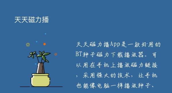 天天磁力播App是一款好用的BT种子磁力下载播放器。可以用在手机上播放磁力链接,采用强大的技术,让手机也能像电脑一样播放种子、磁力链接,可以实现在线观看种子磁力等类型的相关资源
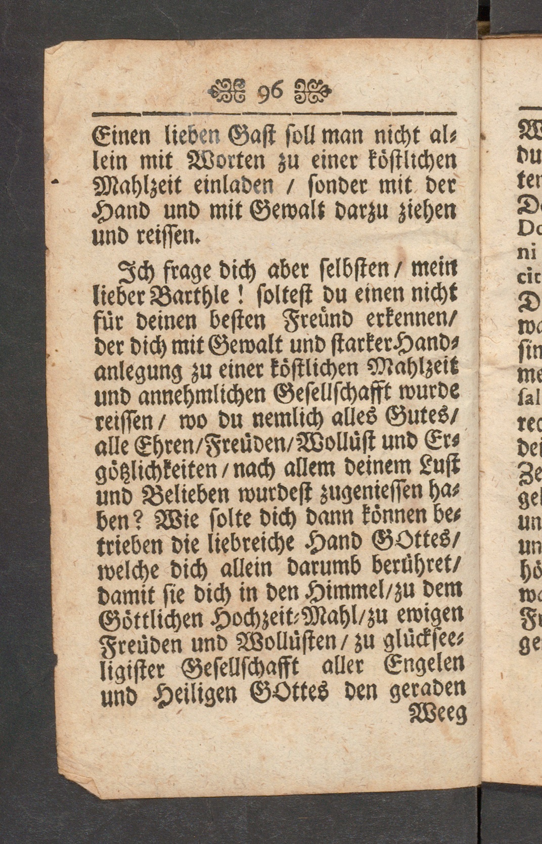 Der Unwillige Barthle : das ist: Sittliches Gespräch, zwischen einem eifferigen Seelsorger, und einem einfältigen Bauren; in welchem jener disen unterrichtet, wie man unter der Zucht-Ruthen zeitlicher Trangsal die Vätterliche Hand Gottes erkennen, küssen, und anbeten solle zu süssem Trost aller betrangten und bekümmerten Gemüther vormahlen beschrieben, und zusammen getragen / von R.P. Josepho Langenauer Ord. S.P. Benedicti, dess Löbl. uralen Gottshauss Mehrerau bey Bregentz Subpriore &c.
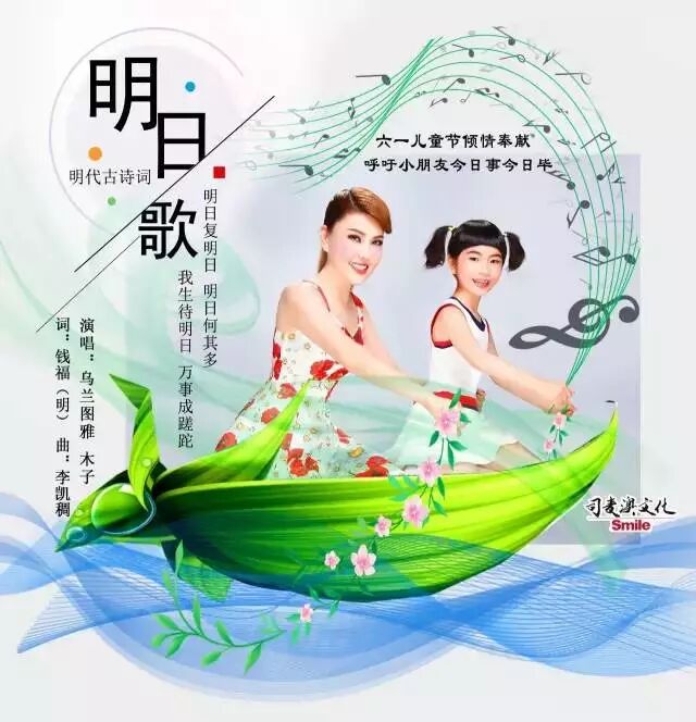 今日,这首积极向上、极具教育意义的古代诗歌,被著名音乐人李凯稠重新挖掘,对它进行再次创作,著名蒙古族歌唱家乌兰图雅和小童星木子合作演绎,深情吟唱,赋予了《明日歌》这种诗词作品以崭新的历史意义,用文学与音乐相结合的文化艺术形式,将诗词的音乐性进一步升华,进一步延展,让人们在轻松的歌曲声中懂得了深刻的人生哲理。
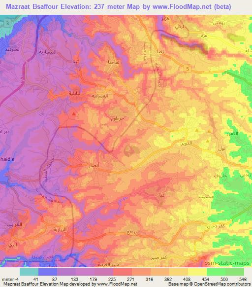Note:Please note that Mazraat Bsaffour,Lebanon Elevation Map is in beta.
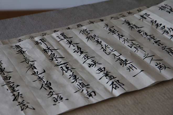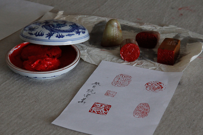 Terminato il pranzo osserviamo Zhongua e Tian Cun cimentarsi con un’esibizione della loro arte, il primo con una calligrafia in forma Zhuan e il secondo con la pittura di un fiore di loto.
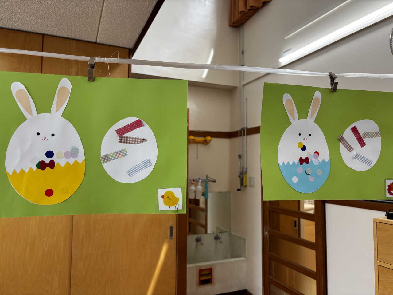 その喜びから、「死は終わりではなく、新しい命の始まり」という希望を祝う日でもあるので桂保育園では、復活、生まれ変わる、始まりを連想させるヒヨコが卵から生まれている“イースターカード”を子どもたちと一緒に製作しています。0・1・2歳児の子どもたちには朝の礼拝の中でそれぞれの年齢に応じた方法でイースター礼拝を守りました。
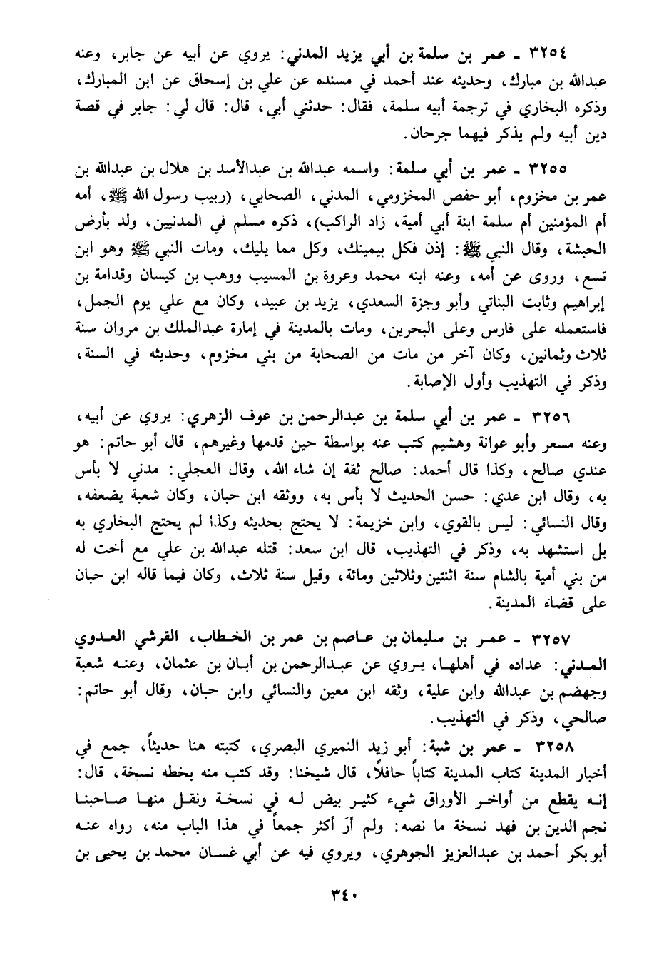 3254 - عمر بن سلمة بن أبي يزيد المدني: يروي عن أبيه عن جابر وعنه عبد الله بن مبارك وحديثه عند أحمد في مسنده عن علي بن إسحاق عن ابن المبارك وذكره البخاري في ترجمة أبيه سلمة فقال: حدثني أبي قال: قال لي: جابر في قصة دين أبيه ولم يذكر فيهما جرحان.
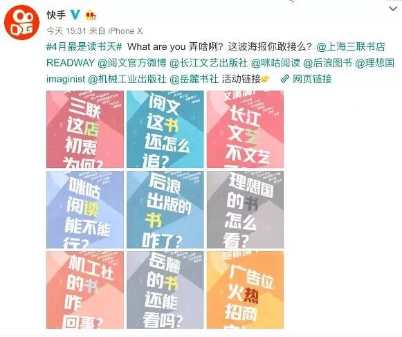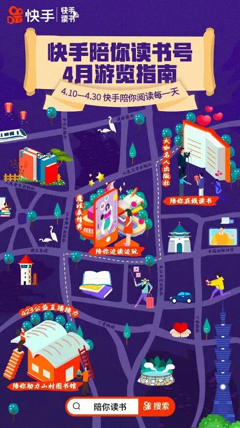 并发布读书会海报:快手陪你读书号4月游览指南。
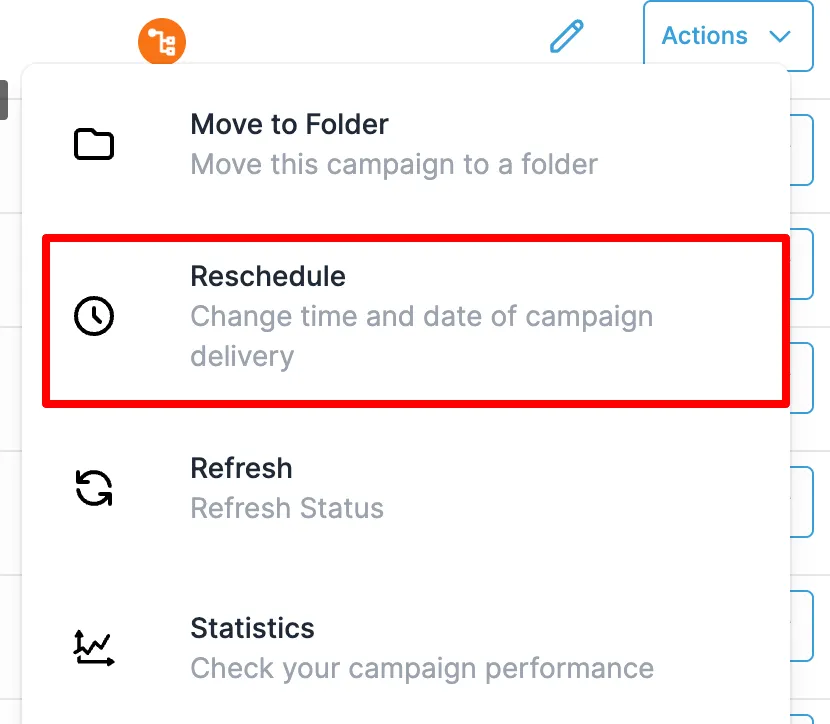 1. Wählen Sie im Dropdown-Menü des Aktionsbuttons die Option Kampagne neu planen.

------------------------------------------------------------------------

What is needed is an exact transcription of the lines from the one holding "并发布读书会海报:快手陪你读书号4月游览指南。" to the end of the data, with every picture left out.

 并发布读书会海报:快手陪你读书号4月游览指南。
 1. Wählen Sie im Dropdown-Menü des Aktionsbuttons die Option Kampagne neu planen.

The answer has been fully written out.